At the core of the battle in City Hall to regulate some 800 or so registered medical marijuana dispensaries is the concept of “over-the-counter sales.” When the term is brought up, what's really meant is retail, storefront sales — in contrast with the kind of nonprofit, smoke-what-you-grow “collectives” for the truly ill that were originally green lit by state law.

Los Angeles County District Attorney Steve Cooley and City Attorney Carmen Trutanich insist that nowhere in state law are storefront pot shops allowed. Dispensaries. Pot pharms. Medicinal shops. Whatever you want to call them, they're not legal. Period.

Prop. 215, which legalized medical marijuana in California in 1996, only allows for collectives where members share in the costs and benefits of cultivation on a strictly nonprofit basis. Never did the voters of California approve a law where anyone with a doctor's note could walk into a retail store and purchase pot.

Attorney General Jerry Brown's medical marijuana guidelines, issued last year, state “the earnings and savings of the business must be used for the general welfare of its members or equitably distributed to members in the form of cash, property, credits, or services.”

It sounds somewhat like a “Kumbaya” festival, but it emphasizes the point: The state never meant “collectives” to become the kind of pot retailers we see all over Los Angeles today. They were meant to be almost socialist organizations in order to support “the cultivation and use of marijuana by seriously ill individuals upon a physician's recommendation,” according to Brown.

“The collective should not purchase marijuana from, or sell to, non-members; instead, it should only provide a means for facilitating or coordinating transactions between members,” states Brown.

Even the most red-eyed, pro-dispensary stoner can see that what we have in L.A. — a virtual mall of marijuana — is not what was envisioned in Prop. 215. (Of course, pro-medical-marijuana groups are threatening to sue should Los Angeles outlaw retail marijuana, and the City Council seems to be leaning toward a rule that will somehow provide a Mack-truck-sized loophole for cash sales of pot in the city).

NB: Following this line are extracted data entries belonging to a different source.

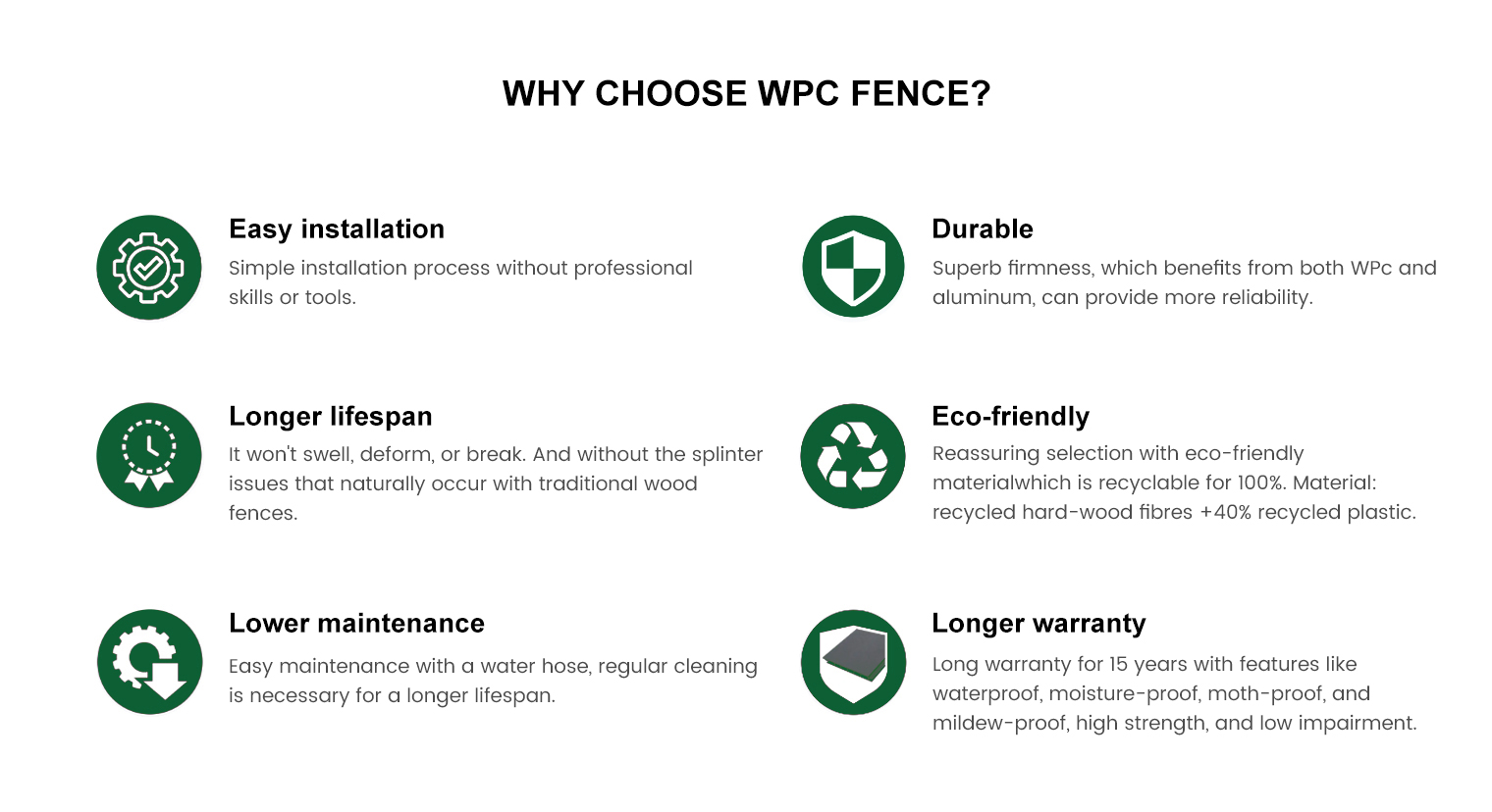 Respetuoso con el medio ambiente: fabricadas con materiales sostenibles, nuestras puertas compuestas son una opción ambientalmente responsable para sus necesidades de cercado.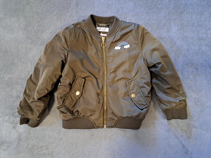 Куртка-бомбер для дівчинки 4-5 р вказано,але можна на 3-4 роки. Має 2 кишені. Малюнок в гарному стані. Стан куртки ідеальний,має лише трохи потертості на кнопках на кишенях. Заміри: Довжина 40 см Рукав 38 см Ног 39 см Резинка понизу 30 см,тягнеться добре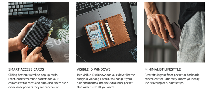 HOLD 12 CARDS WITH ID WINDOW: Hold 5 cards in pop up card case. Design with 2 visible ID window, and front/back/inner slots for cards.

“What the law envisaged in 1996 was that you as a patient could grow your own plant,” says assistant City Attorney David Berger. “That was the protection given to you. It did not envisage walking off the street, putting down a piece of paper signed by a doctor, and putting down 85 dollars to get on eighth of an ounce of marijuana.”

Indeed, under Brown's guidelines, “Although medical marijuana 'dispensaries' have been operating in California for years, dispensaries, as such, are not recognized under the law.”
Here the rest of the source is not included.